■ **RECORDS FOR THE TASK**:
= = =

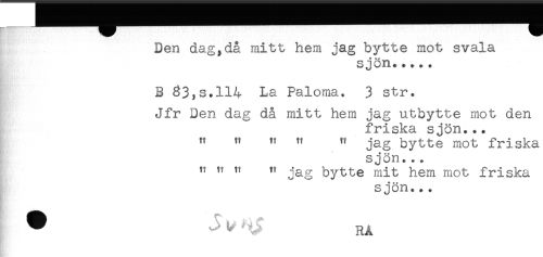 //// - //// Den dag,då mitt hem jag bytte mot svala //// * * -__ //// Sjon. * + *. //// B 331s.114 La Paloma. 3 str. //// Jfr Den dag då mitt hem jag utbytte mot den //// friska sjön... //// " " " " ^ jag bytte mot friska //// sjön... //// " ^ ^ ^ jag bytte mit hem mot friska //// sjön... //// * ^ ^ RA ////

= = =

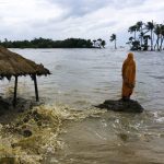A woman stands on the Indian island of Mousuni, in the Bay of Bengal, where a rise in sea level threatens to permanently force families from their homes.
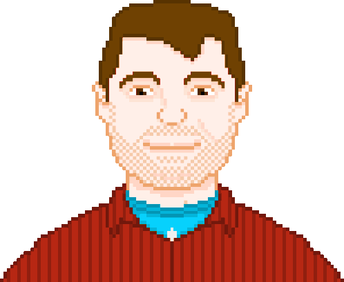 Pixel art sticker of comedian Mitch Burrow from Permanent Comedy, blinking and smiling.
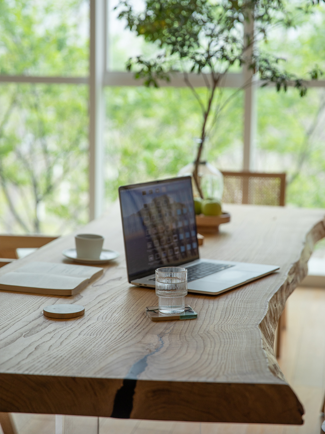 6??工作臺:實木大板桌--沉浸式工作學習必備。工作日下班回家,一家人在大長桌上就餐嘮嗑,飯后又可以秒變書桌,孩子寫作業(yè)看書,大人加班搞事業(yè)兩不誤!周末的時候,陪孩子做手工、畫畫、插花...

= = =

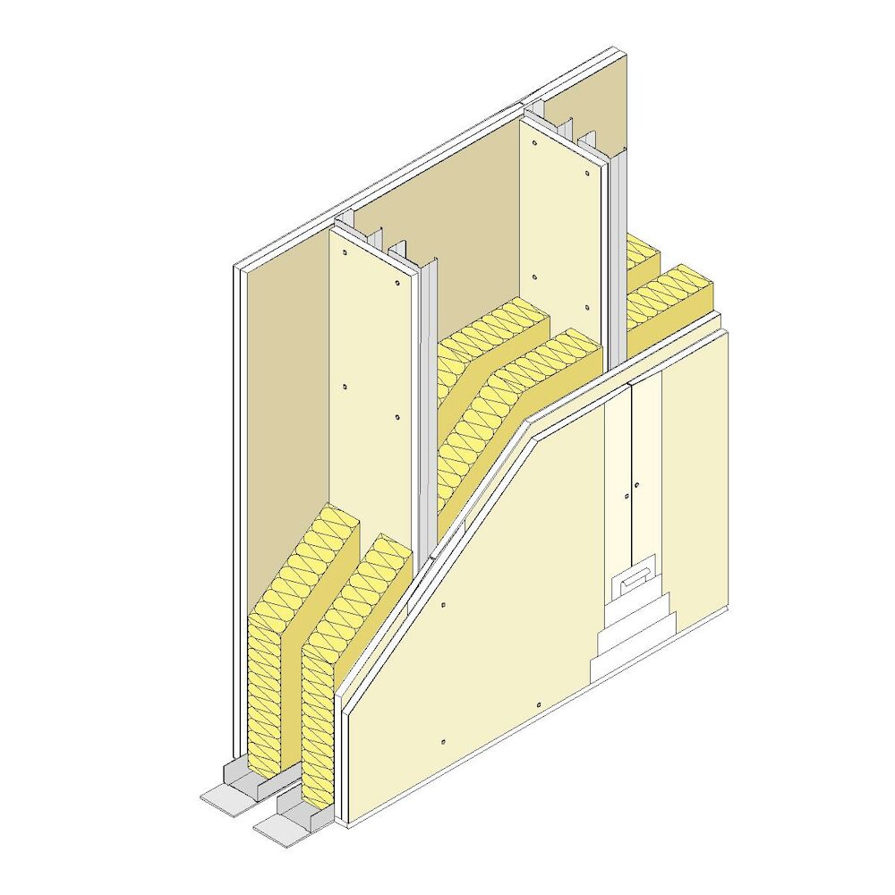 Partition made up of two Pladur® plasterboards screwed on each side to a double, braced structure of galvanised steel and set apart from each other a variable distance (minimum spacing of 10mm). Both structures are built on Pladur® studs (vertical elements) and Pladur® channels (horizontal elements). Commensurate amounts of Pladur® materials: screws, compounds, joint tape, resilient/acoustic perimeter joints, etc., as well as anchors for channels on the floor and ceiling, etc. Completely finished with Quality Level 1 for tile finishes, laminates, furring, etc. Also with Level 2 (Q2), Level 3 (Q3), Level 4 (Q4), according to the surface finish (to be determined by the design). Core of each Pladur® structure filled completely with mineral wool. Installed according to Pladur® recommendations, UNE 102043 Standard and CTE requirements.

= = =

■ **TASK BRIEF**: Print exactly the lines above that run from the one with "Pixel art sticker" down to the one with "6??工作臺:實木大板桌--沉浸式工作學", and omit the pictures.

■ **EXPECTED ANSWER**:
 Pixel art sticker of comedian Mitch Burrow from Permanent Comedy, blinking and smiling.
 6??工作臺:實木大板桌--沉浸式工作學習必備。工作日下班回家,一家人在大長桌上就餐嘮嗑,飯后又可以秒變書桌,孩子寫作業(yè)看書,大人加班搞事業(yè)兩不誤!周末的時候,陪孩子做手工、畫畫、插花...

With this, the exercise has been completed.